私はこの挨拶を聞き、正に「空いた口が塞がらない」という思いを致しました。また、カルテル事件が公になった直後には、当時の役員を含め社員に電力自由化の認識が薄かったという趣旨の報道記事もありました。
電力事業の全面自由化が実行された2016年4月1日の1年以上前から、新聞などのマスコミは連日のように、自由化に関する報道を行っていました。電力事業を営む電力会社の人が、それも責任者という立場にいる方が、電力自由化という社会的要請に基づく改革の意義を軽視し、まるでよそ事の感覚で仕事をしていたことには、呆れててしまいました。
中国電力本社
中国電力グループの経営理念は「信頼。創造。成長。」です。いずれもとても大切な要素ですが、もっとも大切なことは「信頼」だと私は受け止めています。社会・地域からの失われた信頼を回復させることは厳しい状況にあると言えます。
公正取引委員会からの立入りが行われた直後に、中国電力OBの方から電話があり「木原さん、『鬼滅の刃』という映画があったけど中国電力は『自滅の刃』だねえー」と呆れたような声で話しておられました。
経営陣の責任を考えるとき、どうしても合点がいかないのがリーニエンシー制度を何故使わなかったのかということです。カルテルに関わった関西電力、九州電力などはリーニエンシーを使い課徴金の減免を受けました。関西電力は100パーセント減免され課徴金がゼロとなりました。改めるべきは改めると頭を切り替え、会社の利益、株主の利益、顧客の利益を最優先に危機管理する責任を全く果たしていないと断じざるを得ません。
最初にも述べましたが、私は中国電力という会社を長い間視てきました。中国電力はこれまでも同様の事件・不祥事を度々起こしています。しかし、真相を明らかにし、これを公表し、世間からの厳しい目を身をもって受け止め、とことん反省をして来なかったから、またぞろカルテルを起こしてしまったのだと思っています。

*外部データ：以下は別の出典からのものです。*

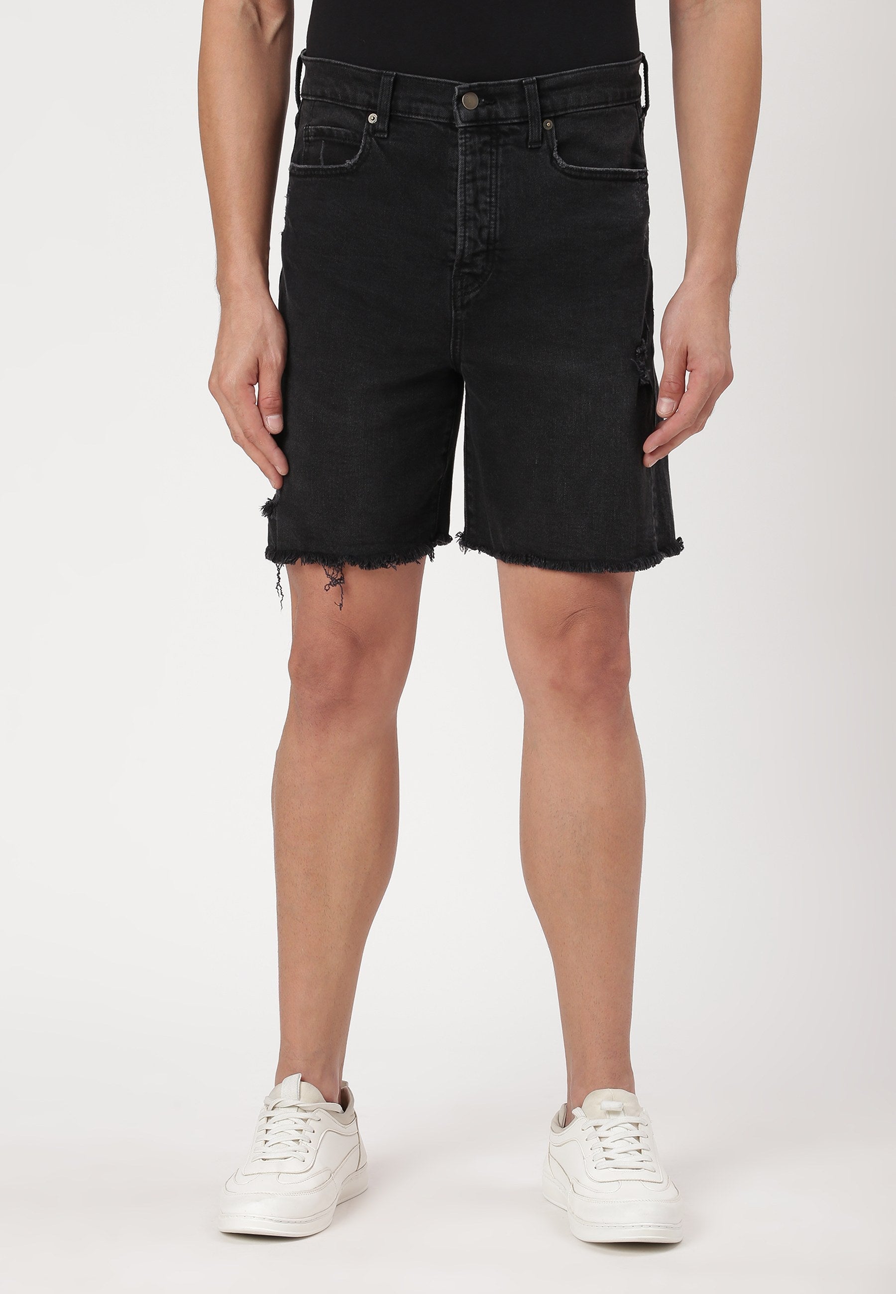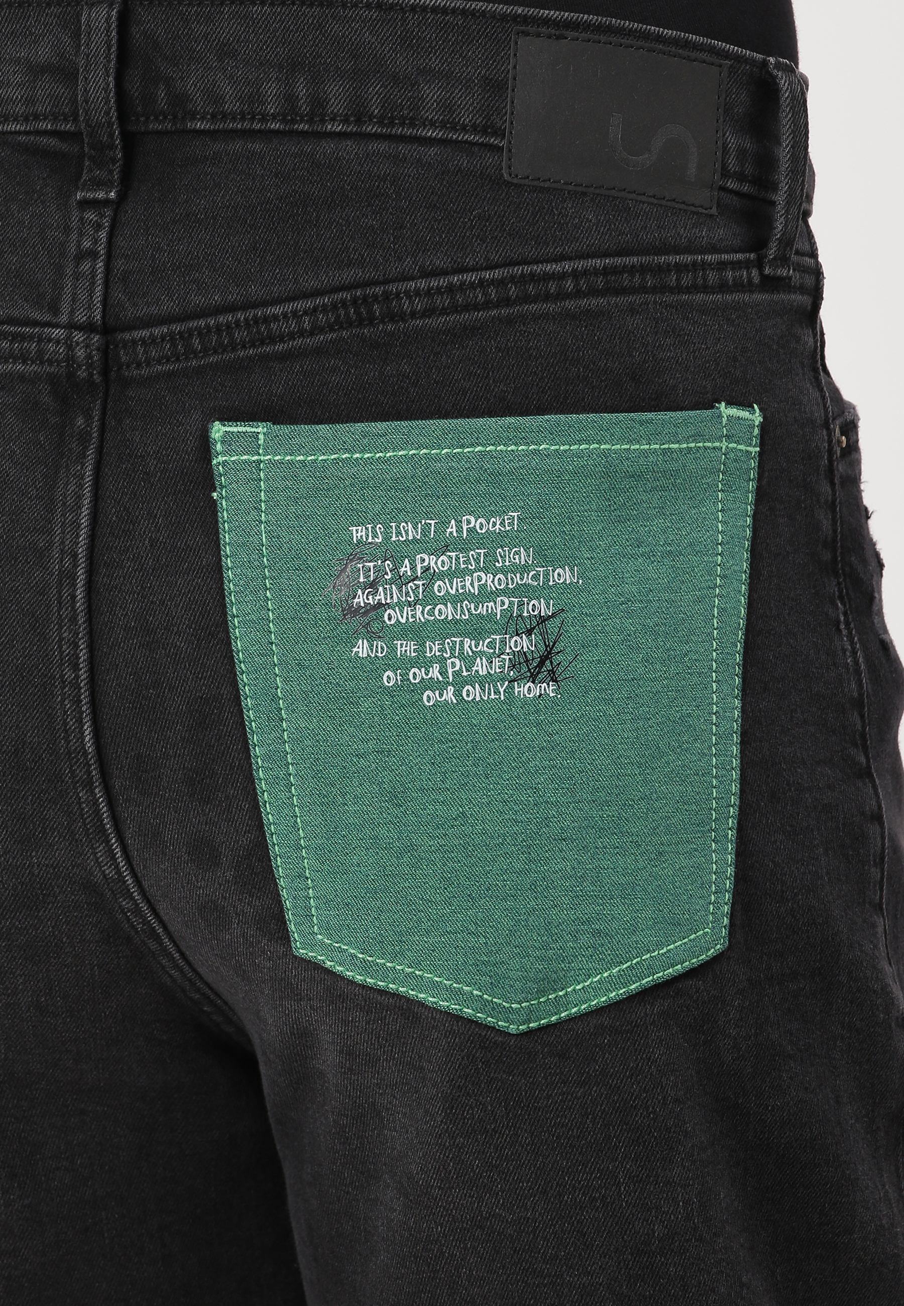Men's black bermuda denim shorts that sit high on the waist with wide leg openings. A relaxed fit around the hip and thigh. They feature Un Denim's signature GreenPocket that says - ˜This is not a green pocket, its a protest sign, against overproduction, overconsumption and the destruction of our planet, our only home.™

この度のカルテル事件でも、株主・顧客に真相をうやむやにしたまま、社長経験者3名をスケープゴートにして、幕引きを図りたいと考えているのではないかと疑います。「何時、誰が、どこで、何故、どんな談合をしたのか」が明らかにされなければなりません。
5.おわりに
昨年2月、中国電力の元社長だった方が亡くなられました。その方から送られてきた、昨年の年賀状には、この度の中国電力の姿勢と対応について、「立ち直る頭も情熱もないのではないでしょうか」「社員諸君の奮起を期待するとしましょう」と書かれていました。私は、この元社長さんからの遺言のようなメッセージに応えたいという思いから、止むにやまれぬという気持ちで、株主代表訴訟を起こしたのです。
最初にも述べましたように中国電力には、経営層に対する不信感を払拭することと同時に、株主からも顧客からも地域住民からも信頼され愛される企業になってほしいという思いを強く持っています。そのためには株主代表訴訟しかないと思いました。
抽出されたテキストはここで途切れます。